Einzelnen Beitrag anzeigen
Alt 15.06.2011, 18:13   #1585  
michidiers
Mitglied
 
Benutzerbild von michidiers
 
Ort: Oldenburg
Beiträge: 3.054
Mensch, liest denn ausser Detlef, Peter und meine Person kein Mensch Comics oder hat nie damit einmal begonnen? Bzw. will keiner auch nur ein bisschen von seinen Anfängen preisgeben?


Ah, mein letzter Comic war ja ganz besonders gruselig:

Swamp Thing Sammelband 4
Die Form der Angst
Moore/Bissette/Totleben



Die Sümpfe von Lousiana, die feucht-düstere Heimat des Swamp Things, werden gleich von mehreren Dämonen heimgesucht. Das Swamp Thing und seine Vertraute Abigal geraten dabei zwischen die Fronten der sich bekämpfenden Höllenkreaturen. Als auch noch die jungen Patienten aus einem Heim für geistig behinderte Kinder in den Konflikt hineingezogen werden, spitzt sich die Situation zu…

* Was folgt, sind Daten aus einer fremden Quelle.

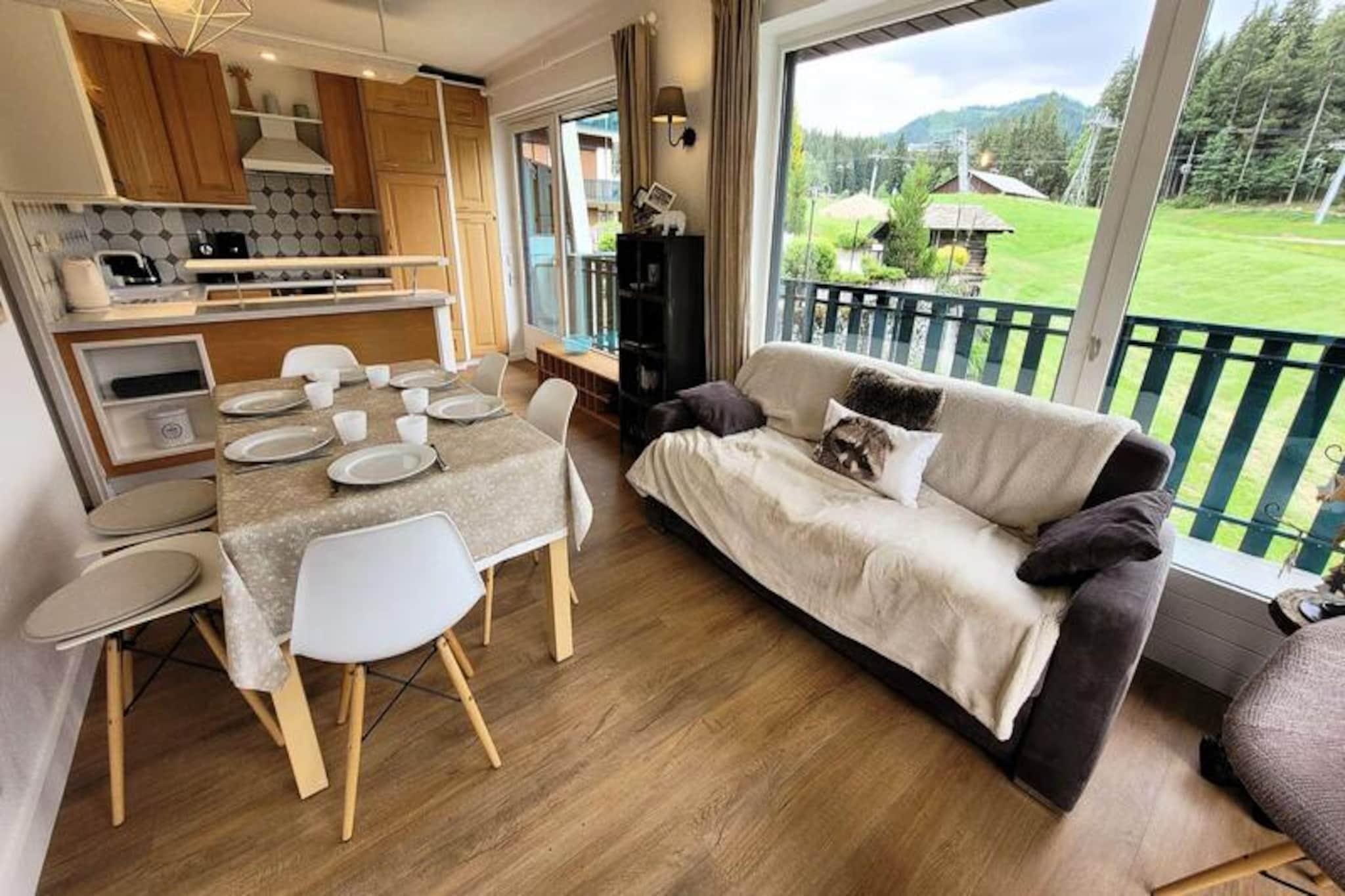 Højt over den charmerende alpelandsby tilbyder Residence Le Grizzli et unikt tilflugtssted, hvor eventyr og afslapning blandes problemfrit. Forestil dig at vågne op til den friske bjergluft og træde direkte ud på skiløjperne fra din hoveddør. Om sommeren inviterer den opvarmede udendørs pool og tennisbanerne dig til at sole dig i solen, mens du nyder panoramaudsigten over de omkringliggende tinder. Dette er en destination, hvor hver årstid bringer sin egen magi. Den 61 m² store lejlighed er badet i naturligt lys og omhyggeligt designet til komfort og stil. Med to soveværelser med eget badeværelse, en rummelig opholdsstue og et fuldt udstyret køkken er den perfekt til familier eller grupper på op til seks personer. Den sydvestvendte 23 m² store balkon er det ideelle sted at slappe af efter en dag på ski eller vandreture og tilbyder en betagende udsigt over pisterne og landsbyen nedenfor. Moderne faciliteter som fiberoptisk Wi-Fi, vaskemaskine/tørretumbler og raclettemaskine sikrer et problemfrit ophold, mens det hyggelige tv-område inviterer dig til at slappe af efter en aktiv dag. Residensen er bekvemt placeret, kun 1,1 km fra landsbyens centrum og skiskole, med butikker og et shuttle-stoppested inden for gåafstand. Om vinteren kan du nyde den uovertrufne ski-in/ski-out-adgang til pister i verdensklasse, mens sommeren forvandler området til et paradis for friluftsentusiaster med vandrestier, tennis og svømning. Uanset om du er her for at klatre gennem uberørt sne eller nyde den alpine sol, lover Residence Le Grizzli en uforglemmelig ferie. Med sin blanding af luksus, bekvemmelighed og fantastisk naturskønhed er det det perfekte valg til din næste bjergferie.

In seinem Gastvorwort bringt es der Autor Neil Gaiman eigentlich schon auf den richtigen Punkt: „Hier vereinigen sich Stärken in Geschichten immener Geschicklichkeit und nicht geringer Dichtkunst. Geschichten, die niemals davor zurückscheuen, Metaphern für die dunkelsten Elemente in unserer kollektiven Seele zu präsentieren.“ Und das ist nach meiner Meinung bezeichnend für den so düsteren Storybogen um die Heimsuchung der Sümpfe durch die Dämonen.

Alan Moore produziert Horror, der die wohl jahrtausende alten Urängste von uns menschlichen Wesen berühren kann. Aus den Tiefen der Dunkelheit befallen Dämonen uns und unser gewohntes und soziales Umfeld. Die unheimliche Begegnung ist zunächst dabei nicht direkt sondern nur indirekt. Die ersten Andeutungen der ungebetenen Besucher sind erschütternd: Geistig behinderte Kinder produzieren erschütternde Kritzeleien von Wesen, die Menschen Gliedmaßen herausreißen. Langsam beschleicht der Horror die Stadt, die Figuren und gleichfalls den Leser. Der Spannungsbogen baut sich auf, das Grauen kann in jedem Schatten lauern.

Dass Alan Moore die Dialoge oftmals ein Reim und Versform formuliert, ist ein weiterer geschickt inspirierter Kniff. Wer hat auf dem ersten Blick schon Furcht vor Versen? Dass Moore diese den so zeichnerisch so schaurig-schön gelungenen Kreaturen diese Art der Dialoge in den Mund legt, ist einmalig gut und wirkt noch lange nach. Und als eine Irrfahrt eines besessenen und betrunkenen Kraftfahrers nach zwei atemberaubend gestalteten Seiten, die filmisch wohl sonst nur Alfred Hitchcock hinbekommen hätte, an einem Baum neben einem Werbeplakat der Rasiercreme „Burma Shave“ tödlich endet, sind die drei Textboxen vorausgegangen:

The night can make /
A man more brave (mutiger/tapferer) /
But not more sober (nüchterner)/
„Burma-Shave“

Eine populäre reale Werbekampagne aus vergangenen Zeiten an den Highways der USA vermischt sich mit Moores Erzählkunst und Totlebens Zeichnungen zu einem schaurigen Gesamtkunstwerk.